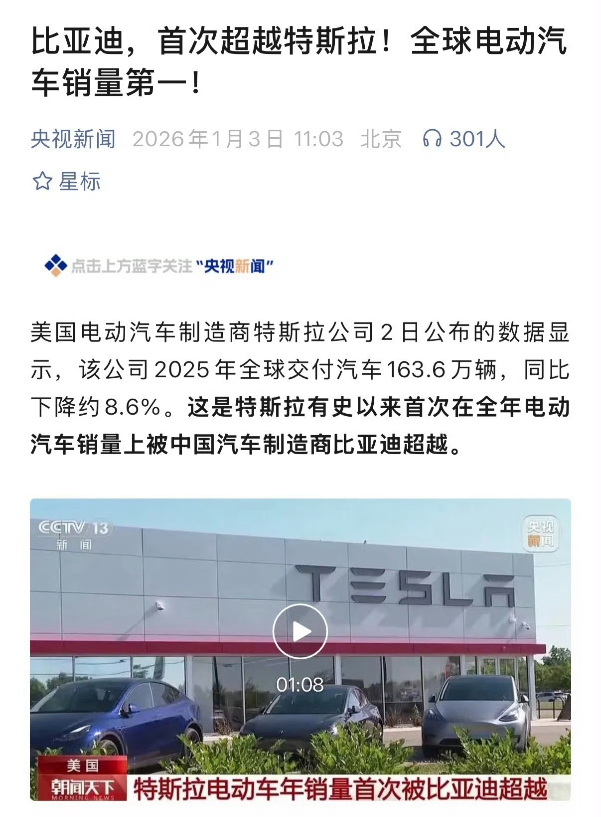 特斯拉2025年同比下滑了,比亚迪纯电车销量超过特斯拉,况且比亚迪还有混动车
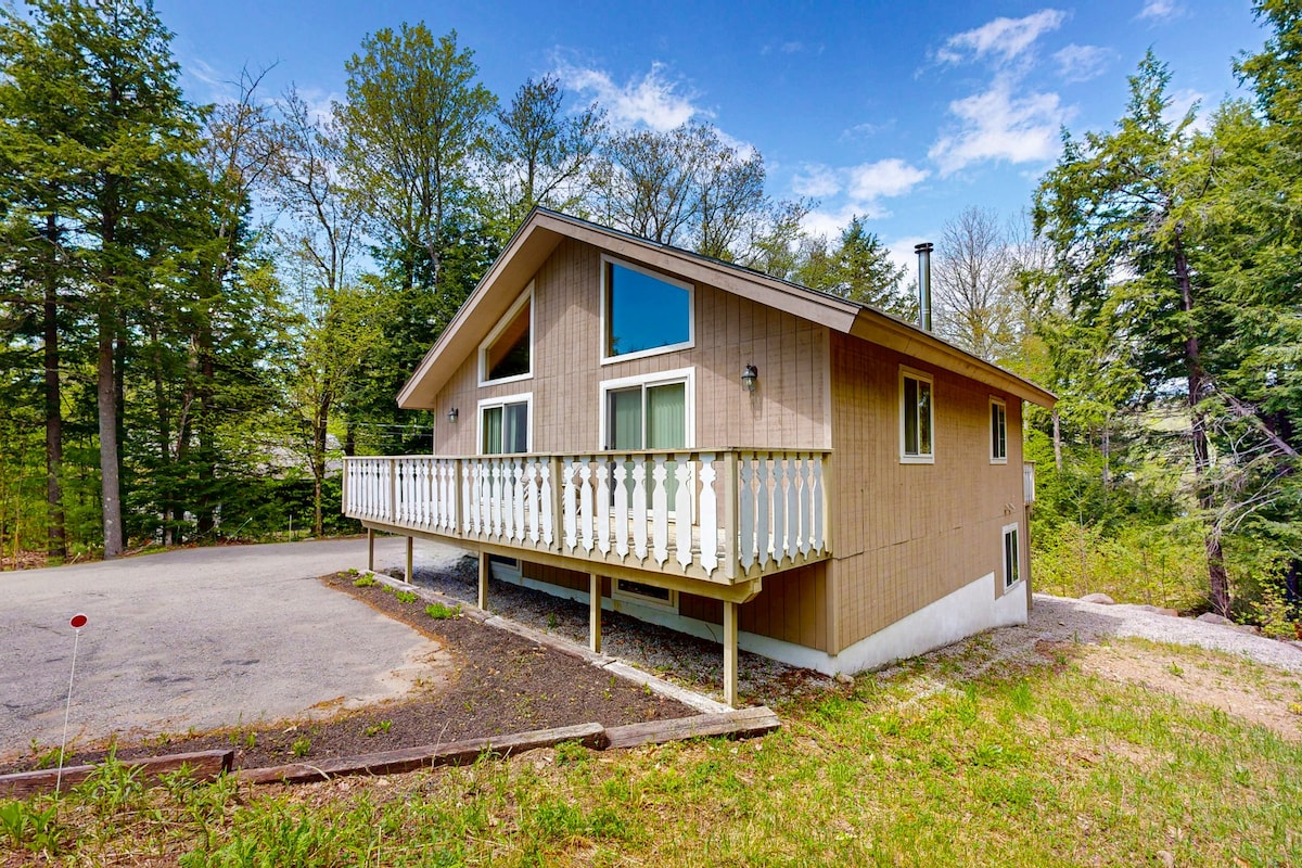 Relax at Valley Vista Lodge, our family-friendly White Mountains chalet with panoramic mountain views and 3,000+ sq. ft. of space. Relax in the private, covered hot tub, cozy up by the fireplace, or spread out across five bedrooms. Perfect ski rental near Attitash, Cranmore, and Wildcat, just 3 minutes from Story Land and 10 minutes to North Conway shopping. Ideal for multi-family getaways, ski weekends, and adventures in the mountains year-round.
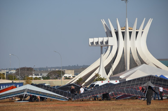 The official take off was Paraná Valley Ramp, in Formosa (GO). Located 92 km from the Federal Capital, the city of Goiás has a take off at about 1,000 meters ASL. The goal was usualy set in the flats near the capital or for spectators' purpose right on the Esplanada in the city. Wide enough for about 30 pilots to come, Esplanada still required some height limitations for safety arrival as one needed to cross power lines or high traffic roads. In the final rush the pilots used to neglect those rules that made the organizers adjust them on the spot - and they succeeded to keep them all in good health.  Though not without some adventures of improper place landing that made a lot of fuss for retrieve and that settled juridical issues.
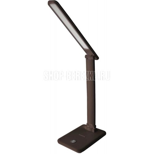 Настольный светильник Ultraflash UF-730 C10 коричневый, источник света - встроенные светодиоды, питание ~230В, 50Гц, мощность 11Вт, три уровня яркости, три цветовые температуры (3000К, 4500К, 6500К). Световой поток - 500лм, материал - пластик. Гарантия 12 месяцев
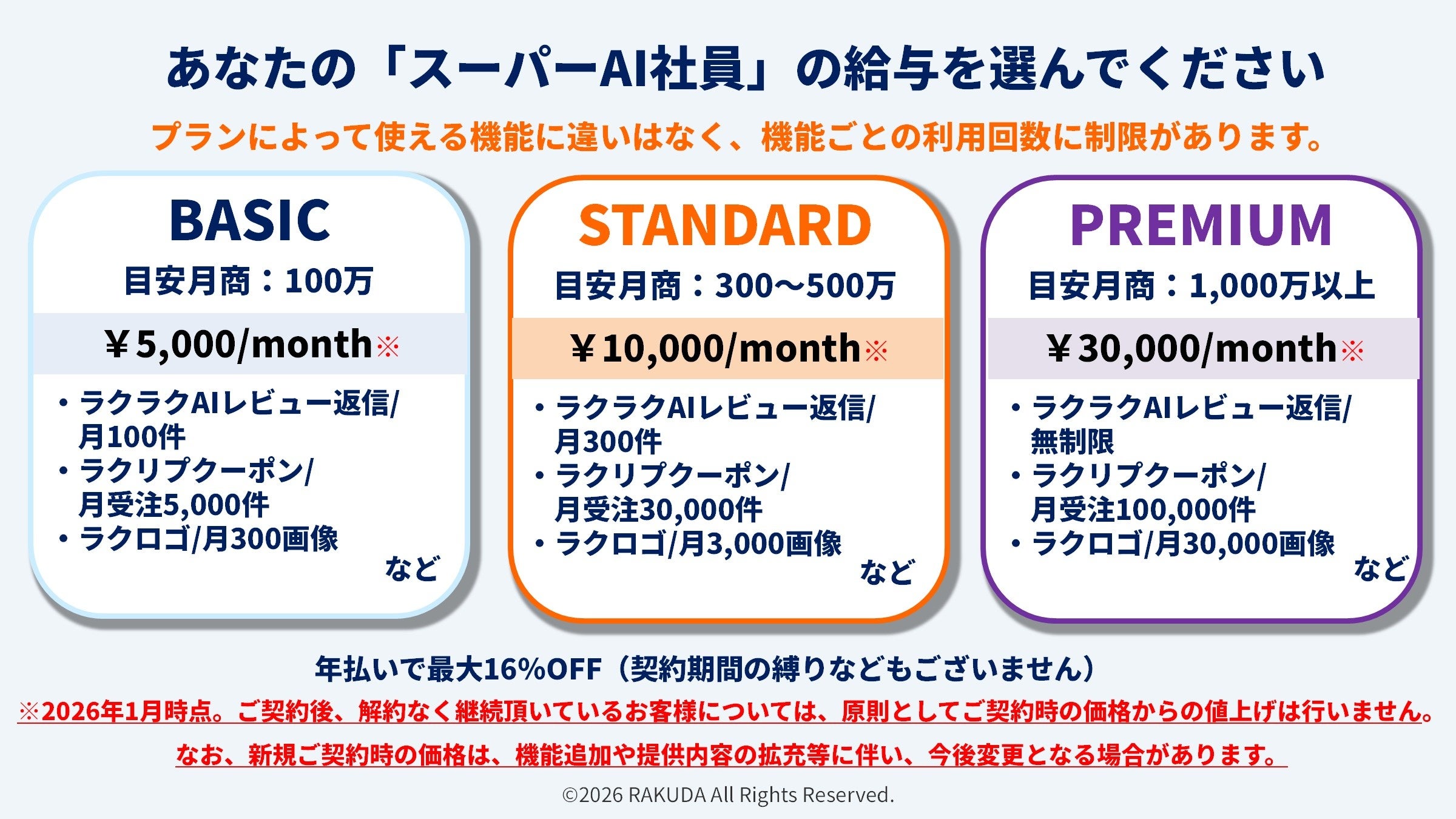 なお、新規ご契約時の価格は、機能追加や提供内容の拡充等に伴い、今後変更となる場合があります。
________________________________________
In the data above, please extract the lines from the first one through the line with "Relax at Valley", exactly, and keep pictures out.

▶ _Exercise output_:
 特斯拉2025年同比下滑了,比亚迪纯电车销量超过特斯拉,况且比亚迪还有混动车
 Relax at Valley Vista Lodge, our family-friendly White Mountains chalet with panoramic mountain views and 3,000+ sq. ft. of space. Relax in the private, covered hot tub, cozy up by the fireplace, or spread out across five bedrooms. Perfect ski rental near Attitash, Cranmore, and Wildcat, just 3 minutes from Story Land and 10 minutes to North Conway shopping. Ideal for multi-family getaways, ski weekends, and adventures in the mountains year-round.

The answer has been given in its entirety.